| WORK REQUIRED |
Look through the data below for the line with "8、把铁板烧热后,在上面逐一" and the line with "ในวันศุกร์ที่ 11 ตุลาคม", then output those two and all lines in between, exactly as written.

| GIVEN RECORDS |
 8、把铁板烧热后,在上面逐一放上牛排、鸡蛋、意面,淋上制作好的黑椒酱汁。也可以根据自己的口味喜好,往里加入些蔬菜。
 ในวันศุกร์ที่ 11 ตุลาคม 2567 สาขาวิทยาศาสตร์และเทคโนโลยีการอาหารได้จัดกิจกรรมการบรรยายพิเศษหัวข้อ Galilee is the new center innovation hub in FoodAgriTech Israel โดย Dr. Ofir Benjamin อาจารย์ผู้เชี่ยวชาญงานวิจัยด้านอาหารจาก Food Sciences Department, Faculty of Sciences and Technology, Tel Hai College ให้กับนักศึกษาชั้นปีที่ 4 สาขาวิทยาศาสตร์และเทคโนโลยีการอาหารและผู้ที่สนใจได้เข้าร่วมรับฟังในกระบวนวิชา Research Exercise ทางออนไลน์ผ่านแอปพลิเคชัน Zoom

==

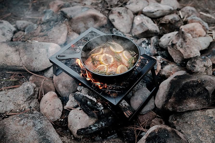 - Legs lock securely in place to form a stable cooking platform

| RESULT |
 8、把铁板烧热后,在上面逐一放上牛排、鸡蛋、意面,淋上制作好的黑椒酱汁。也可以根据自己的口味喜好,往里加入些蔬菜。
 ในวันศุกร์ที่ 11 ตุลาคม 2567 สาขาวิทยาศาสตร์และเทคโนโลยีการอาหารได้จัดกิจกรรมการบรรยายพิเศษหัวข้อ Galilee is the new center innovation hub in FoodAgriTech Israel โดย Dr. Ofir Benjamin อาจารย์ผู้เชี่ยวชาญงานวิจัยด้านอาหารจาก Food Sciences Department, Faculty of Sciences and Technology, Tel Hai College ให้กับนักศึกษาชั้นปีที่ 4 สาขาวิทยาศาสตร์และเทคโนโลยีการอาหารและผู้ที่สนใจได้เข้าร่วมรับฟังในกระบวนวิชา Research Exercise ทางออนไลน์ผ่านแอปพลิเคชัน Zoom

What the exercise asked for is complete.